Desde girino se diferenciava dos irmãos, dado a meditações, a fitar o aparente nada; nada para quem o observava, não penetrando seu íntimo inquisidor em solilóquios.

Pouco se interessava para os hábitos costumeiros e próprios aos de sua faixa etária e espécie. Mantinha-se em atitude solitária, mostrando-se antissocial e pouco comunicativo, a preocupar a mãe sapa. O que haveria de ser daquele pequeno, tão jovem e já aparentando seriedade, distanciando-se dos demais ?

Nada sabia da vida, de seus perigos, a convivência em grupo era atitude de autodefesa, em qualquer ameaça seriam todos alertados, o isolamento um risco preocupante, presa fácil para os predadores a espreitarem o pântano em que habitavam. Para os anfíbios atingir a fase adulta era uma conquista, desde de seu nascimento como ovo, até a fase intermediária em que se encontrava, havia de se ter cuidados com os inimigos, vários, a sondarem seu habitat em busca de caças.  Assim cresceu e foi se transformando em um animal adulto, apesar de arredio ao convívio social, considerado um chato pelos demais, parecendo fechado em si mesmo, observando tudo, mas alheio aparentemente.

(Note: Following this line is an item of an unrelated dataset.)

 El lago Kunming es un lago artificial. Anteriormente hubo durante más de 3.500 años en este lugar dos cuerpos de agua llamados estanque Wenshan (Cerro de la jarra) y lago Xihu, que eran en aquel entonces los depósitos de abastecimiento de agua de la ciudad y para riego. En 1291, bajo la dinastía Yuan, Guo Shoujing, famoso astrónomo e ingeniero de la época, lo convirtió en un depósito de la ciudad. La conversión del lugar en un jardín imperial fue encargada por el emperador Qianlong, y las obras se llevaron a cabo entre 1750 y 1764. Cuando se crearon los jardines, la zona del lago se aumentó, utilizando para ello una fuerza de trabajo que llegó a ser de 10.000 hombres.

Em suas incursões pessoais percorria com a mente outros mundos, dando asas a sua vertiginosa imaginação. Admirava os pássaros a pousarem sobre as plantas para saciarem a sede e descansarem, entoando seus cantos sonoros, como deveria ser bom ter asas e poder ascender aos céus ! – suspirava olhando para si mesmo, atado ao solo úmido, com seu coaxar sempre igual, e sem melodia digna de registros.

Observava as outras espécies comparando as qualidades de cada qual, inconformado com as limitações de sua família,rotina aborrecida aquela !  Um viver limitado, as passadas, em saltos, a esticar a língua para capturar insetos a servirem de alimento, a viver oculto entre os arbustos à beira do rio.

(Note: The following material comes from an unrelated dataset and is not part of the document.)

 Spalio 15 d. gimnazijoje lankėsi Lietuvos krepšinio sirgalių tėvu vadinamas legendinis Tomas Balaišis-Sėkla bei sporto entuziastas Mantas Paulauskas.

Um mundo deslumbrante se descortinava em suas opacas retinas, a observar, atento, os movimentos ao redor. Acompanhou a lagarta num galho seco de árvore, aos poucos  envolta  em um casulo, até o desabrochar de uma falena, com suas asas coloridas... Um rastejante Ser transformando-se em elegante borboleta a enfeitar a natureza. Estaria ele sujeito a viver no brejo e a contemplar em sua tristeza as  estrelas ?

Até mesmo o apetitoso grilo era mais ágil que ele, movimentava-se rápido, até ensaiava pequenos voos, e mesmo seu cri-cri tinha seu charme, diferente do dele, que coaxava e rouquejava em mesma e repetida nota.

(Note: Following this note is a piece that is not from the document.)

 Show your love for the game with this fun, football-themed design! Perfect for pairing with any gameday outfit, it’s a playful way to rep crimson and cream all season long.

Cedo percebeu que cada um nasce como veio ao mundo, não havendo recursos, ou a quem recorrer disso... Era, pois, um sapo e deveria saber conviver com isso, e explorar suas aptidões próprias inerentes aos anuros.

Quando escurecia a dor parecia maior, infinita, demorava-se fitando o céu, com suas reverberações estrelares, e o envolvia os raios lunares, parecendo que aquela majestosa claridade o banhava em especial.

Aquela noite parecia ter o coração lancetado, avultavam suas dores, restando a lua por companhia. Acompanhava, apaixonado, as nuances daquela distante luz que ora vinha na forma de um delicado meio anel, uma meia fase, ou cheia, inteira, como naquele momento se apresentava, deslumbrante em sua luz intensa e pródiga...

Naqueles momentos, desconhecia-se na sua forma de nascença, parecia ser um cavalheiro a cortejar sua dama, a namorá-la de seu brejo, na diáfana luz que emerge suave, dentre as folhagens que rodeia seu meio. Hipnotizado pela sua grandeza, brilhando intensa, abóboda reluzente a encantá-lo– ele, reles Ser!  Encantando  na muda candura, que o enlaçava e o emoldurava em outra paisagem, a iluminá-lo, terna e clara ,junto às obscuras criaturas, em seus refúgios de pobres ocultos, realçados no fascínio de sua beleza – dádiva dos deuses, uma deusa !

Instantes de êxtases, eleito dos céus, inenarrável felicidade, mesmo a rouquidão de seus sons pareciam lindas canções, e sua aparência acanhada cedia à mágica de uma roupagem real. Metamorfose a levá-lo às alturas, alado como pássaro, ao encontro daquela fascinante claridade... Um batráquio então se permitia, na sua insignificância, deleitar-se com os raios luminosos da amada, viajar a terras longínquas, beijar em sonhos sua princesa...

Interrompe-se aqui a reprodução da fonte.